The company's leadership made it clear in comments to The National on Monday that it will not be following the path that many national oil companies (NOCs) have – and which close neighbour Saudi Arabia plans – in selling off a piece of the parent company.

Rather, Adnoc, which has a long history of foreign partnerships, is reinforcing this strategy by widening the variety of players it will be open to and deal structures it would accommodate – rather as GE runs its businesses as a financially-driven portfolio.

"It is clear that Adnoc – and Abu Dhabi leadership more generally – is taking a very distinctive 'Made in Abu Dhabi' approach to how to go forward," said Mr Yergin, co-chairman of IHS Markit, a consultancy, and author of The Prize, a Pulitzer-winning history of the oil industry. "If you look at what they are doing, it represents a multi-faceted approach to interlock Adnoc with the global economy at many different levels," said Mr Yergin.

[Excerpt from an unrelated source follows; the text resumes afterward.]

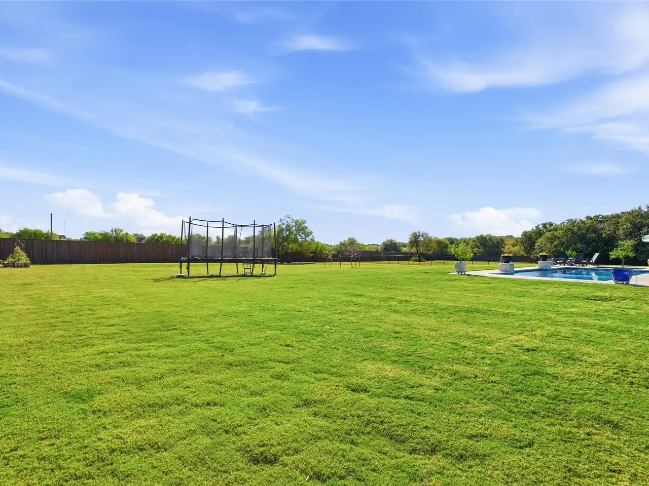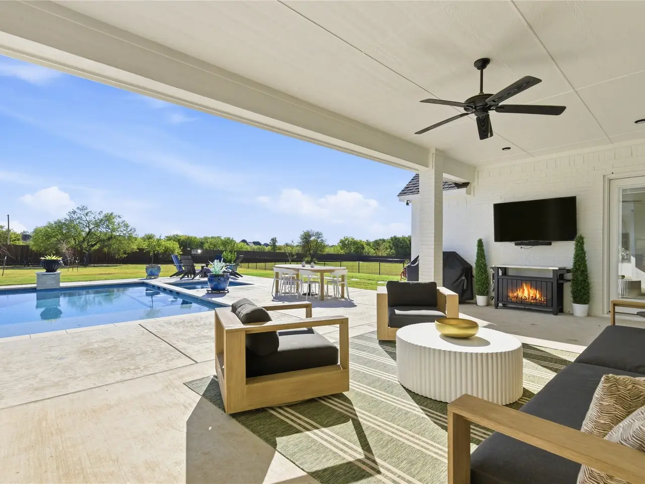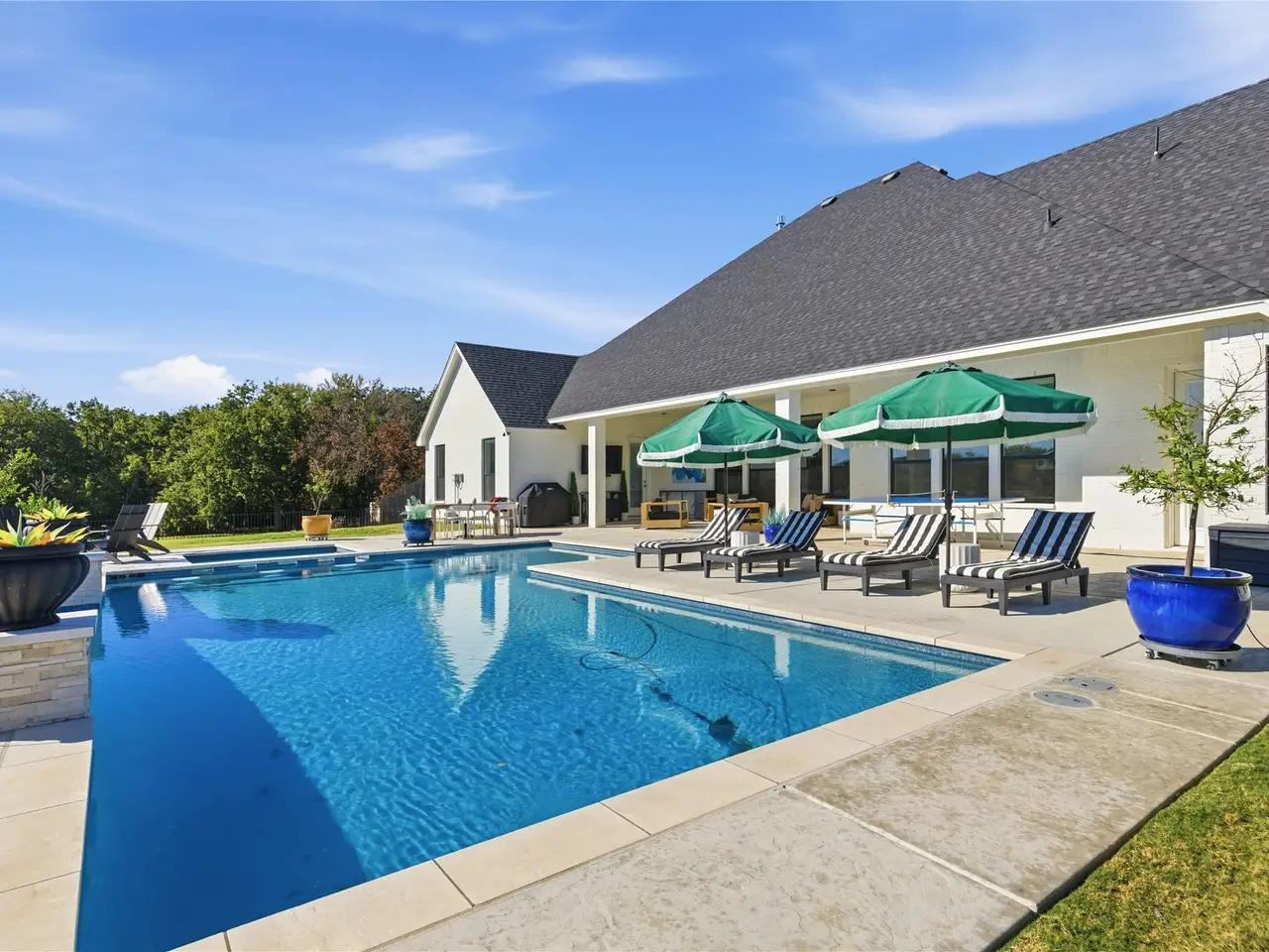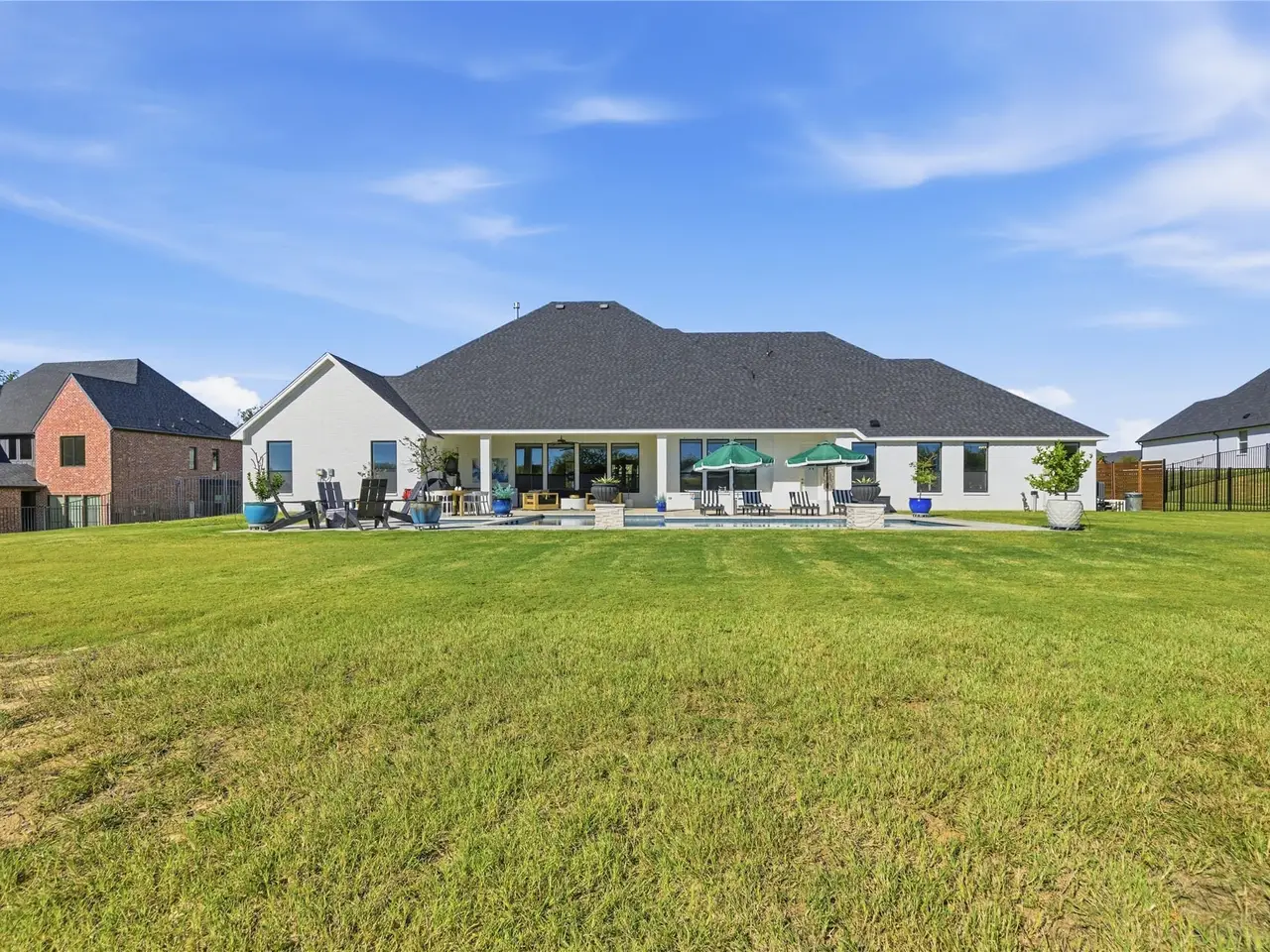 Experience luxury living on over an acre in Aledo ISD with this beautifully appointed home designed for comfort, style, and spacious indoor-outdoor living. A sweeping covered patio overlooks the resort-style pool and lush fenced yard, offering an ideal backdrop for entertaining or unwinding. The light-filled interior embraces an open layout anchored by a grand living room with a fireplace framed by custom built-ins. The elegant dining room showcases coffered ceilings, while the chef-inspired kitchen features quartz countertops, stainless appliances, gas cooktop, double ovens, butlers pantry, and a walk-in pantry. The breakfast room, with its charming built-in buffet and expansive backyard views, is the perfect everyday gathering space. A refined home office with French doors and full wall of built-ins provides the ideal work-from-home setting. The serene primary suite includes vaulted ceilings, a generous sitting area, and a spa-style bath with double vanities, soaking tub, separate shower, and a walk-in closet that conveniently connects to the oversized laundry room. Additional highlights include a second living room with a custom wet bar, a large storage closet, and a flexible bonus room that functions beautifully as a second office, nursery, or home gym.

Adnoc has previously outlined this approach and shown the kind of new deals it wants to do with the US$2.2 billion share swap it agreed with BP in December, taking a 2 per cent stake in the London-based oil major in exchange for a 10 per cent award in the company operating Abu Dhabi's main onshore oil assets, Adco.

In February, it awarded the final 12 per cent of Adco open to foreign ownership to a Chinese consortium that included CEFC China Energy, a financial conglomerate.

Abu Dhabi – and the UAE in general – started earlier than most down the path of diversifying the economy, but there is a new urgency pushing leading oil economies to turn their natural resource advantage into a greater diversity of downstream businesses to cope with prolonged low oil prices and a changing energy landscape.

“These governments face a more existential level of threat, firstly from the continuation of an oil price that yields less than half of its 2014 revenue, and secondly from the tangible growth of energy alternatives ... that are starting to pull the era of peak oil to within a horizon of 25 years,” according to Paul Navratil, an Abu Dhabi partner at consultants EY. “It is likely to be necessary to adopt a more expansive policy and to redefine the role and function of the NOC”, which is driving Adnoc's ambitious goals for “downstream value capture”, he said.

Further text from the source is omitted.